> **Records for the task**
++++++

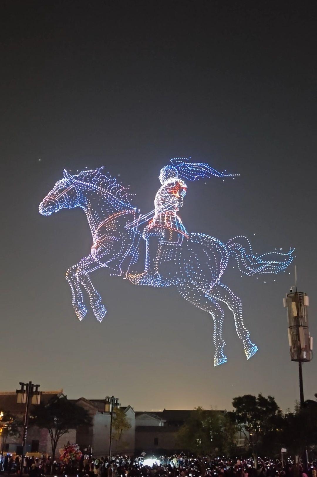 当晚8时30分,无人机矩阵在夜空中展开梦幻演绎。从五星红旗到东风5C,多元国庆元素的变化瞬间点燃现场热烈氛围;从云冈石窟到低空热气球,大同特色元素轮番呈现,实现古今穿越的视觉碰撞。云冈石窟的庄严佛像以立体形态悬浮,衣袂飘动的细节非常灵动;马背上的花木兰持剑而立,飒爽英姿掠过夜空;配合国庆节主题,鲜艳的五星红旗在天幕上展开,“祝福伟大祖国繁荣昌盛国泰民安”的光影字幕与国旗交相辉映,现场瞬间响起热烈掌声。
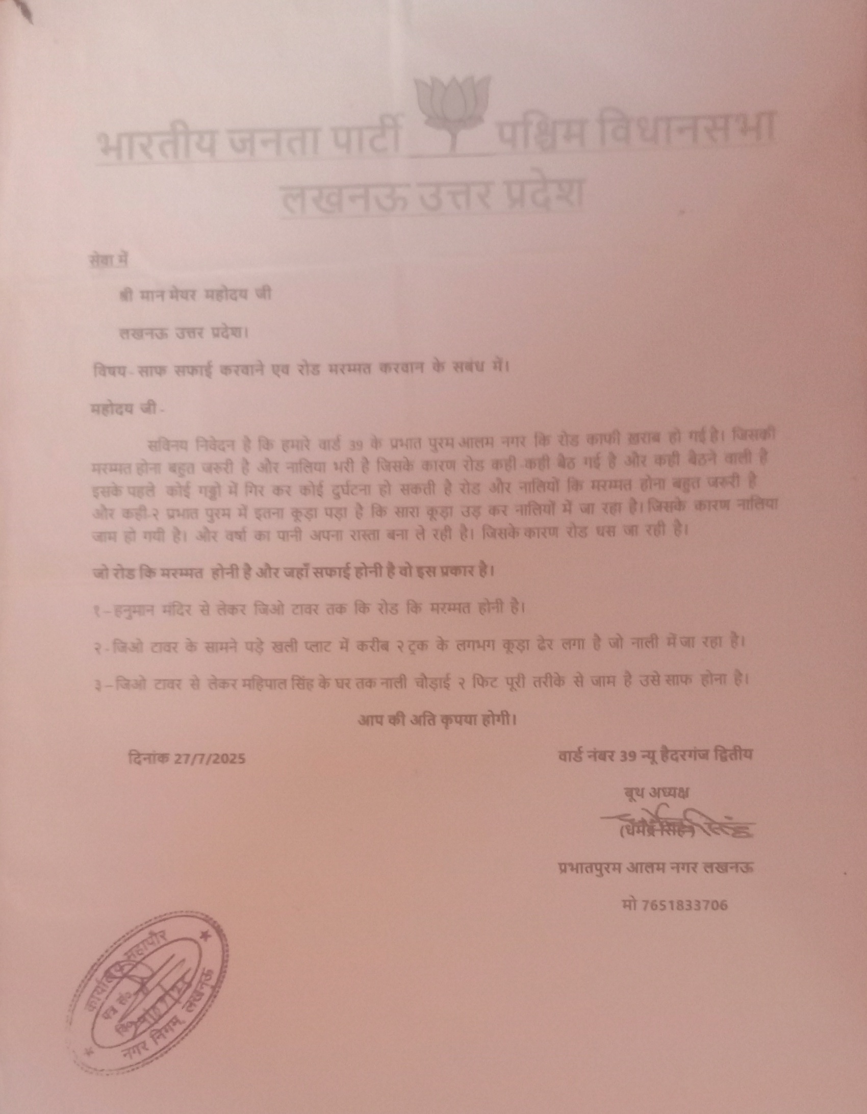प्रभातपुरम आलमनगर न्यू हैदरगंज द्वितीय जॉन 6 में जिओ टावर के पास से लेकर हनुमान मंदिर तक नाली पूरी तरीके से भरी हुई है सही नाली पति हुई है जिसकी सूचना निरंतर क्षेत्रीय सभासद नगर निगम 1533 पर और माननीय मेयर जी लखनऊ के यहां भी दिया गया लेकिन क्षेत्र कोई सुनवाई नहीं की जा रही है जिससे व्यथित होता है की जनता को अनदेखा किया जा रहा है और जनता की समस्या को नजरअंजाद किया जा रहा है । केवल बड़ी-बड़ी बात है कर कुछ भी नहीं जनता का देश को केवल गुमराह करने कार्य किया जा रहा है।
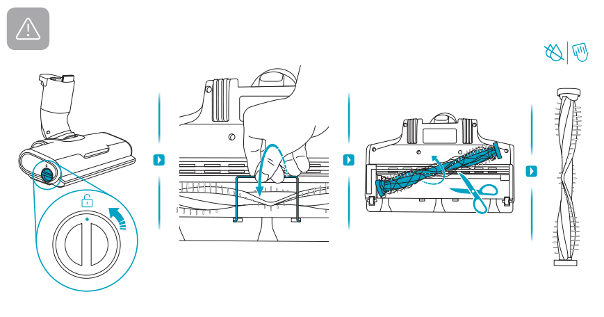 - Szczotka obrotowa wyłączyła się podczas użytkowania, ale jednostka główna nadal działa, na wyświetlaczu świeci się ikona „trójkąt/ostrzeżenie”
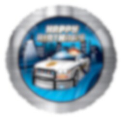 Rund folieballong med tøft politimotiv. Folieballongen er ca. 45 cm i diameter oppblåst.
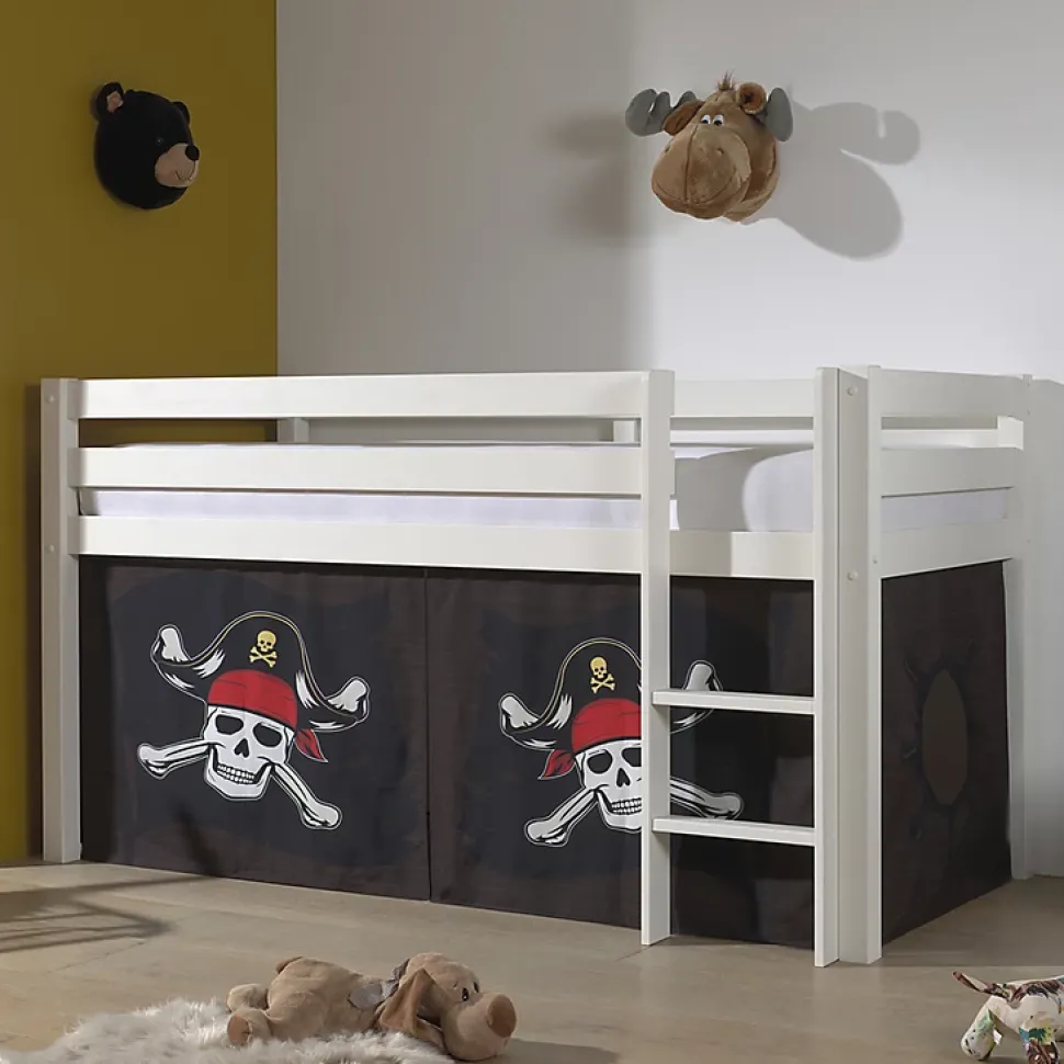 Lit Mi-Hauteur 90×200 sommier inclus housse Pirate Vipack Pino Blanc

++++++

> **About this task**
The data above must be copied exactly. Leave out the pictures.

> **Solution for this problem**
 当晚8时30分,无人机矩阵在夜空中展开梦幻演绎。从五星红旗到东风5C,多元国庆元素的变化瞬间点燃现场热烈氛围;从云冈石窟到低空热气球,大同特色元素轮番呈现,实现古今穿越的视觉碰撞。云冈石窟的庄严佛像以立体形态悬浮,衣袂飘动的细节非常灵动;马背上的花木兰持剑而立,飒爽英姿掠过夜空;配合国庆节主题,鲜艳的五星红旗在天幕上展开,“祝福伟大祖国繁荣昌盛国泰民安”的光影字幕与国旗交相辉映,现场瞬间响起热烈掌声。
प्रभातपुरम आलमनगर न्यू हैदरगंज द्वितीय जॉन 6 में जिओ टावर के पास से लेकर हनुमान मंदिर तक नाली पूरी तरीके से भरी हुई है सही नाली पति हुई है जिसकी सूचना निरंतर क्षेत्रीय सभासद नगर निगम 1533 पर और माननीय मेयर जी लखनऊ के यहां भी दिया गया लेकिन क्षेत्र कोई सुनवाई नहीं की जा रही है जिससे व्यथित होता है की जनता को अनदेखा किया जा रहा है और जनता की समस्या को नजरअंजाद किया जा रहा है । केवल बड़ी-बड़ी बात है कर कुछ भी नहीं जनता का देश को केवल गुमराह करने कार्य किया जा रहा है।
 - Szczotka obrotowa wyłączyła się podczas użytkowania, ale jednostka główna nadal działa, na wyświetlaczu świeci się ikona „trójkąt/ostrzeżenie”
 Rund folieballong med tøft politimotiv. Folieballongen er ca. 45 cm i diameter oppblåst.
 Lit Mi-Hauteur 90×200 sommier inclus housse Pirate Vipack Pino Blanc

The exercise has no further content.